JBCB. 2006 Aug;4(4):833-52.


Functional profiling is a key step of microarray gene expression data analysis. Identifying co-regulated biological processes could help for better understanding of underlying biological interactions within the studied biological frame. RESULTS: We present herein an original approach designed to search for putatively co-regulated biological processes sharing a significant number of co-expressed genes. An R language implementation named "FunCluster" was built and tested on two gene expression data sets. A discriminatory functional analysis of the first data set, related to experiments performed on separated adipocytes and stroma vascular fraction cells of human white adipose tissue, highlighted the prevalent role of nonadipose cells in the synthesis of inflammatory and immunity molecules in human adiposity. On the second data set, resulting from a model investigating insulin coordinated regulation of gene expression in human skeletal muscle, FunCluster analysis spotlighted novel functional classes of putatively co-regulated biological processes related to protein metabolism and the regulation of muscular contraction.

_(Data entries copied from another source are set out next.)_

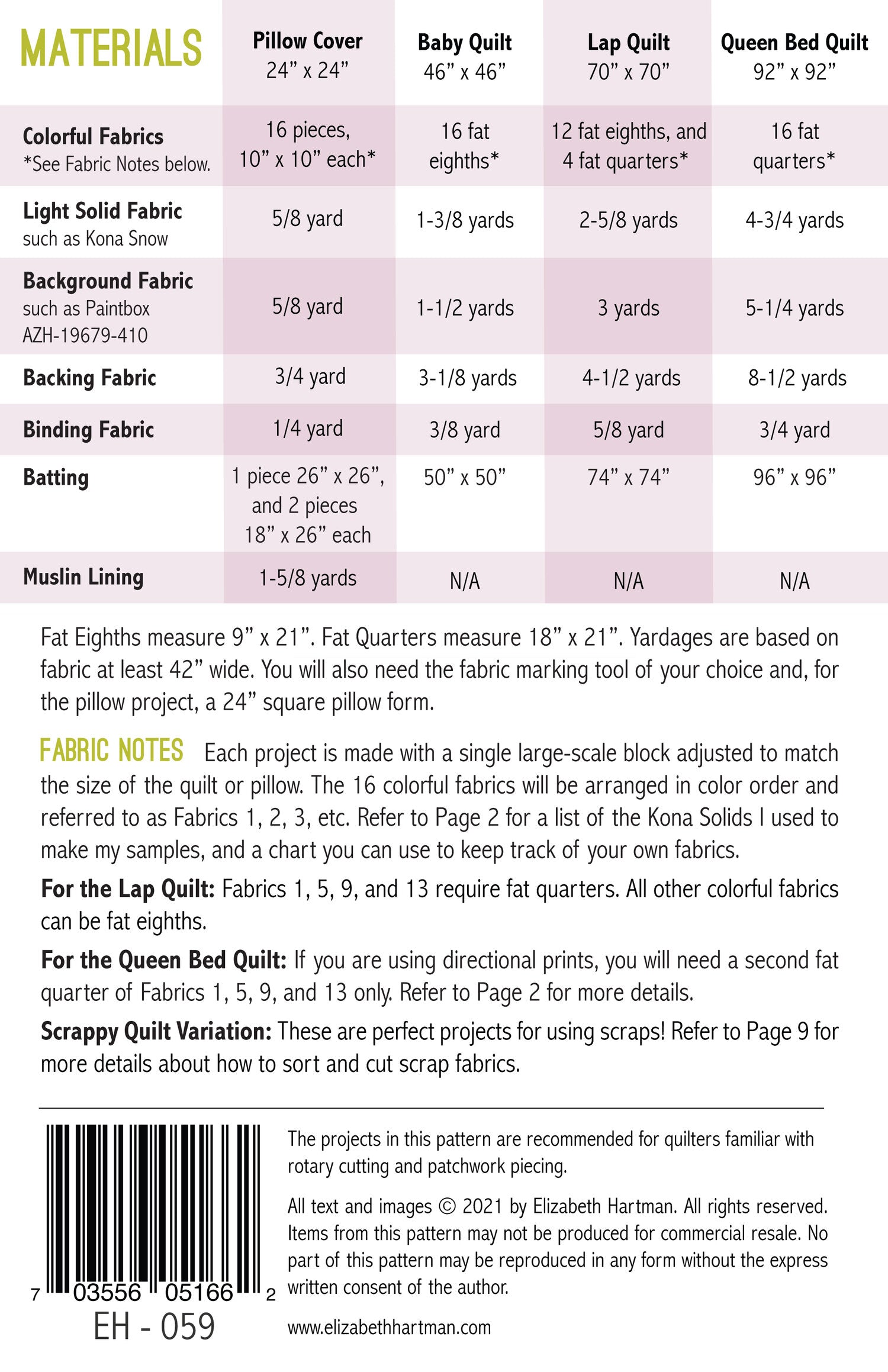 Crystal Cluster includes instructions for making the same bold starburst quilt design in three sizes, plus a pillow. Everything is made using conventional patchwork techniques. No templates or paper piecing! This is a perfect project for featuring your favorite colors and prints, and the pattern includes a detailed color chart that can be used to duplicate the fabrics I used, or as a guide for organizing your own fabrics. Instructions for using scraps are also included.
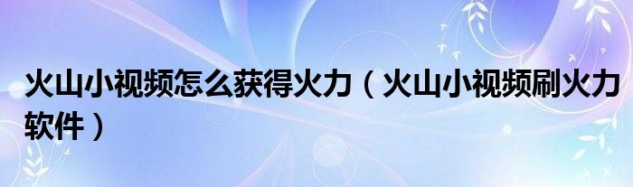 大家好,小晋来为大家解答以下问题,关于火山小视频怎么获得火力,火山小视频刷火力软件很多人还不知道,今天让我们一起来看看吧!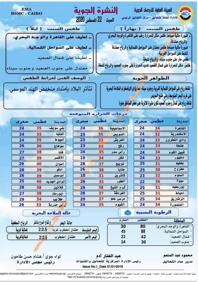 أما عن حالة الطقس مساء، أشارت الهيئة أنه معتدل على القاهرة والوجه البحري وشمال وجنوب الصعيد، على أن يكون لطيفا على السواحل الشمالية، بالإضافة إلى نشاط للرياح على شمال وجنوب الصعيد مثيرة للرمال والأتربة على مناطق من الجنوب.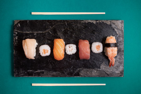 Sushi set on black stone plate, japanese food style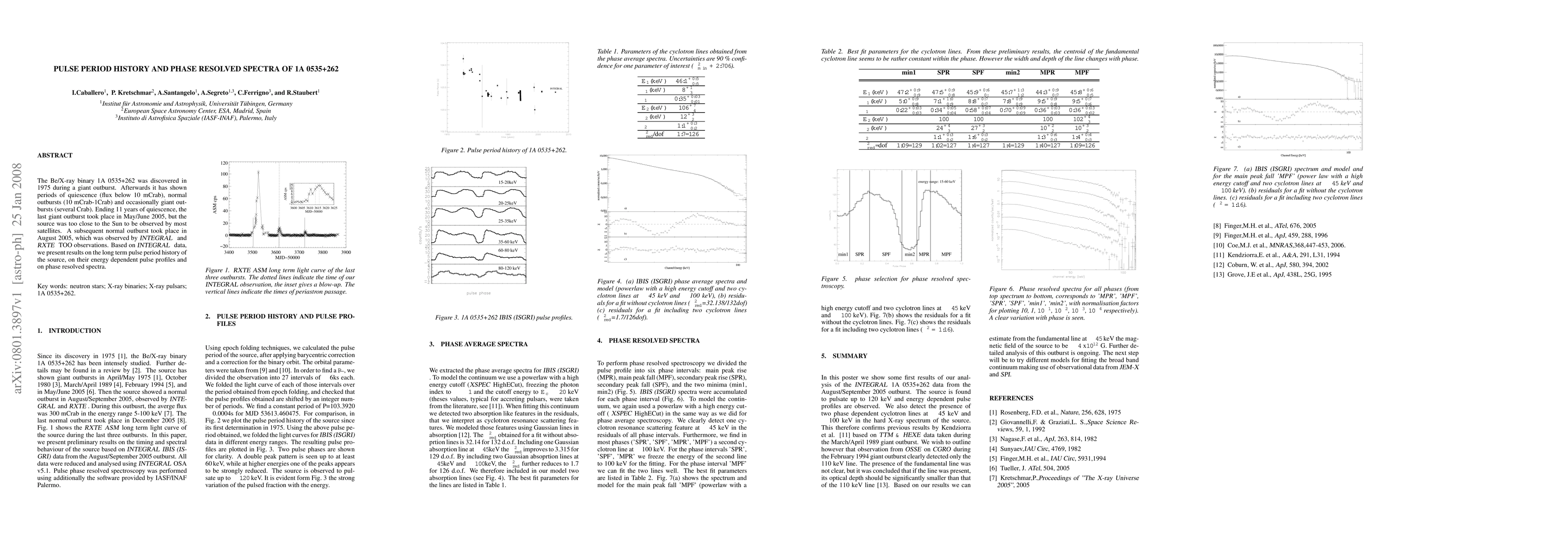 The Be/X-ray binary 1A 0535+262 has exhibited periods of quiescence, normal outbursts, and giant outbursts since its discovery in 1975. A recent study analyzed the source's long-term pulse period history and phase-resolved spectra using INTEGRAL data.

Supplementary results to those presented within our JBCB paper are available below:


JBCB Supplementary Data




Reduction of macrophage infiltration and chemo-attractant gene expression changes in white adipose tissue of morbidly obese subjects after surgery-induced weight loss


Cancello R, Henegar C, Viguerie N, Taleb S, Poitou C, Rouault C, Coupaye M, Pelloux V,

Hugol D, Bouillot JL, Bouloumié A, Barbatelli G, Cinti S, Svensson PA, Barsh GS,

Zucker JD, Basdevant A, Langin D, Clément K


Diabetes. 2005 Aug;54(8):2277-86.


In human obesity, the stroma vascular fraction (SVF) of white adipose tissue (WAT) is enriched in macrophages. These cells may contribute to low-grade inflammation and to its metabolic complications. Little is known about the effect of weight loss on macrophages and genes involved in macrophage attraction. We examined subcutaneous WAT (scWAT) of 7 lean and 17 morbidly obese subjects before and 3 months after bypass surgery. Immunomorphological changes of the number of scWAT-infiltrating macrophages were evaluated, along with concomitant changes in expression of SVF-overexpressed genes. The number of scWAT-infiltrating macrophages before surgery was higher in obese than in lean subjects (HAM56+/CD68+; 22.6 ± 4.3 vs. 1.4 ± 0.6%, P <0.001). Typical "crowns" of macrophages were observed around adipocytes. Drastic weight loss resulted in a significant decrease in macrophage number (–11.63 ± 2.3%, P <0.001), and remaining macrophages stained positive for the anti-inflammatory protein interleukin 10. Genes involved in macrophage attraction (monocyte chemotactic protein [MCP]-1, plasminogen activator urokinase receptor [PLAUR], and colony-stimulating factor [CSF]-3) and hypoxia (hypoxia-inducible factor-1{alpha} [HIF-1{alpha}]), expression of which increases in obesity and decreases after surgery, were predominantly expressed in the SVF. We show that improvement of the inflammatory profile after weight loss is related to a reduced number of macrophages in scWAT. MCP-1, PLAUR, CSF-3, and HIF-1{alpha} may play roles in the attraction of macrophages in scWAT.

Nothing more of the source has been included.